Compatibility & Modeling Improvements

  • Megatron-LM 0.14 Support (MoE Updates):

    • Added support for Megatron-LM v0.14.

    • Updated MoE communication behavior: router probabilities are transferred via a separate all-to-all, which:

      • introduces a small additional communication cost,
      • but reduces GPU memory usage.
  • Improved Bandwidth Contention Modeling (Hybrid Parallelism):

    • For cases using EP/TP + DP simultaneously, added modeling of inter-node bandwidth contention caused by multiple DP groups competing for network bandwidth.

v1.0

26 Aug 02:37
a613115

Choose a tag to compare

This release delivers a significant breakthrough in the accuracy of memory and performance estimation for large models. It also introduces several major features to enhance model compatibility, flexibility, and user experience.

Highlights

  • Dramatically Improved Estimation Accuracy:
    • Memory Estimation: Expanded test coverage for both Dense and MoE models. Memory estimation error is now consistently controlled within 1%.
    • Performance Estimation:
      • On NVIDIA A100-PCIE, performance estimation error is consistently below 3%.

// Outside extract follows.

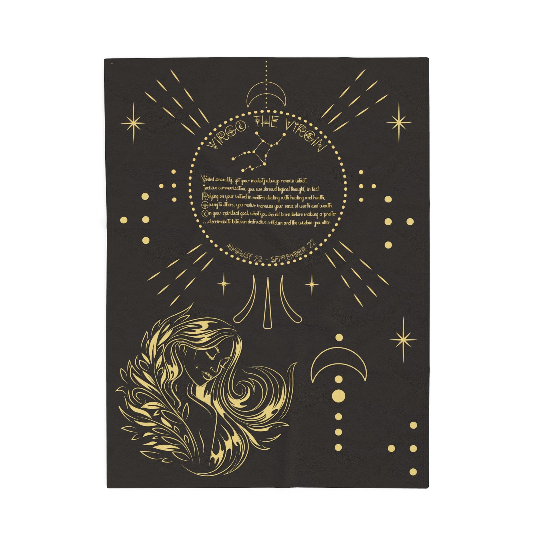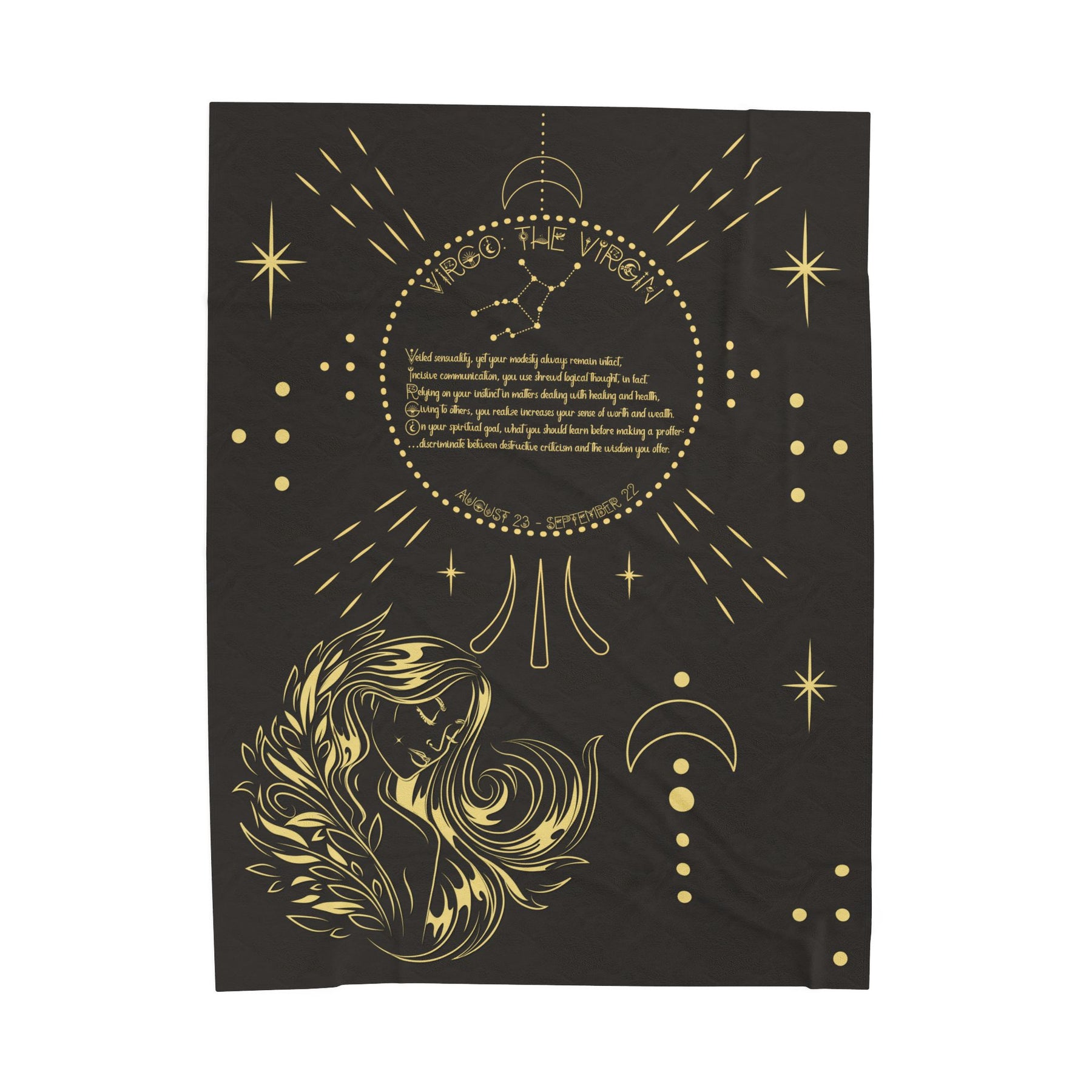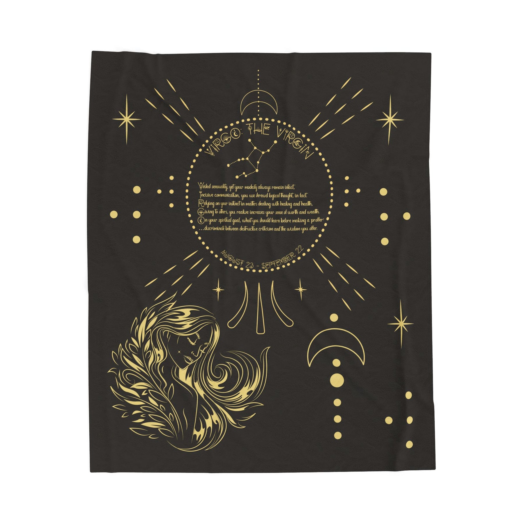 Moments in Rhyme introduces our Written in the Stars Blanket Collection. Welcome to your new favorite blanket. Take the stars with you with this beautiful Velveteen plush blanket. Its acrostic poem spells out Virgo with a large, unique graphic of Virgo the Virgin, making it the perfect Christmas or birthday gift for any astrology lover. These blankets are delicate, soft, and vibrant. Ideal for outdoor events and cozy winter snuggles. The unique Celestial font adds extra charm. Made from 83% Polyester and 17% Spandex, a medium- to heavyweight fabric that feels exceptionally soft to the touch. Available in three sizes.

New Features & Enhancements

  • MLA Support:
    • Introduced support for the MLA model architecture
  • Enhanced Layer Specification:
    • Added granular control for defining first-stage and last-stage layers in pipeline parallelism, allowing for more optimized model partitioning.
  • Advanced MoE Customization:
    • Support for customizable dense layers in Mixture-of-Experts (MoE) models, providing greater flexibility in model design.
  • Megatron Compatibility Layer:
    • Launched a simplified model migration pipeline for effortless conversion and analysis of models built with NVIDIA's Megatron framework.
  • Optimized Recomputation Strategy:
    • Implemented finer-grained selective recompute, enabling more precise control over the memory-for-computation trade-off to optimize for larger model sizes or higher throughput.
  • Comprehensive Efficiency Analysis:
    • New capability to measure and analyze efficiency and utilization across various tensor shapes and memory layouts.

Bug Fixes

  • Fixed an incorrect token numbers calculation when etp > 1.
  • Corrected the FLOPs or memory access (e.g., HBM access volume) calculation for several operators.
  • Resolved inaccuracies in the estimated communication volume and associated data types.